Le juge détermine la valeur du document électronique en se fondant sur la notion de " commencement de preuve par écrit " définie à l'article 1347 du code civil 19( * ) comme " tout acte par écrit qui est émané de celui contre lequel la demande est formée, ou de celui qu'il représente, et qui rend vraisemblable le fait allégué ".

Les réponses jurisprudentielles sont partielles

La jurisprudence est rare en matière d'écrits électroniques.

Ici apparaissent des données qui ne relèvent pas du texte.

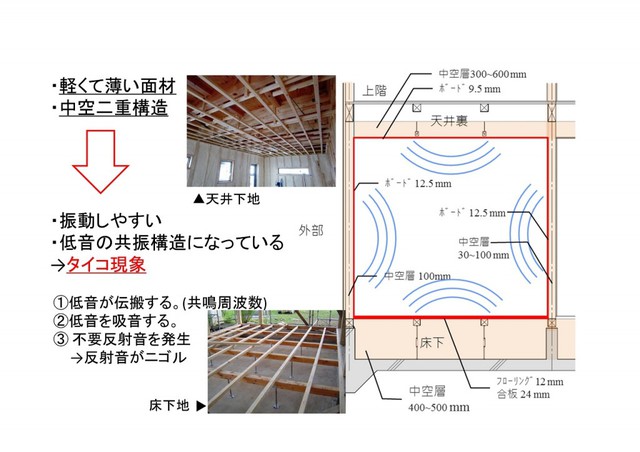 基本的にはマンションの場合と同様に、戸建て住宅でもほとんどの下地構造が背後に空気層を持つ中空二重構造になっている、それ故下地材が共振しやすくそれが反射音をニゴらせる元凶になっている、という解説をしました。
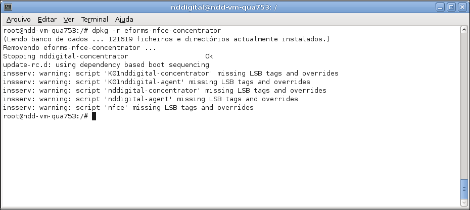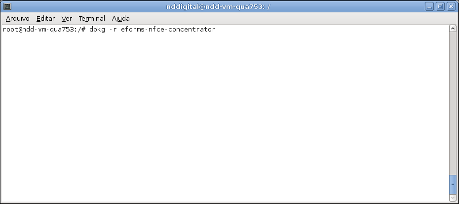 Passo 1: Para desinstalar o concentrador NFC-e, acesse o terminal e execute o seguinte comando para desinstalar:
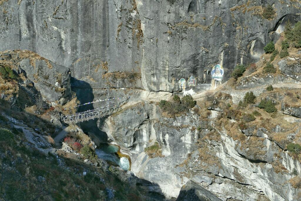 Le sentier commence par une belle descente vers le sud-est sur un versant raide dominant la rivière Bhote Koshi de plusieurs centaines de mètres. Au loin retentit un grondement sourd, et soudain nous apercevons un pont qui surplombe la rivière, véritable torrent alimenté par des quantités d'eau incroyable !
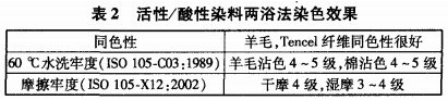 选择的棉用活性染料需对羊毛沾色少,且对第二浴的酸性套染稳定,色变小。由于毛用染料在酸性条件下对Tencel纤维几乎没有沾色,故毛用染料选择面较广,可根据具体客户牢度要求和染色深度选择合适的酸

Cependant, un arrêt très remarqué de la chambre commerciale de la Cour de cassation , rendu le 2 décembre 1997 , Société Descamps contre Banque Scalbert Dupont, a affirmé qu'" un acte peut être établi et conservé sur tout support, dès lors que son intégrité et l' imputabilité de son contenu à l'auteur désigné ont été vérifiées, ou ne sont pas contestées ".

Cette jurisprudence reconnaît ainsi la force probante d'un acte quel que soit son support. Mais il ne s'agit pas d'une règle générale. Comme dans tous les contentieux de la preuve, les circonstances de l'espèce sont déterminantes. Or, cet arrêt a été rendu à propos d'une télécopie, dont le contenu n'était pas contesté, et portant sur une cession de créance professionnelle. Ces trois circonstances soulignent que cet arrêt de la Cour de cassation ne peut en aucun cas être interprété comme admettant l'écrit électronique en mode de preuve.

*

Les insuffisances du droit existant et l'absence de réponse globale par la jurisprudence rendent nécessaire une intervention du législateur. Celui-ci est de plus contraint par les prescriptions du droit communautaire.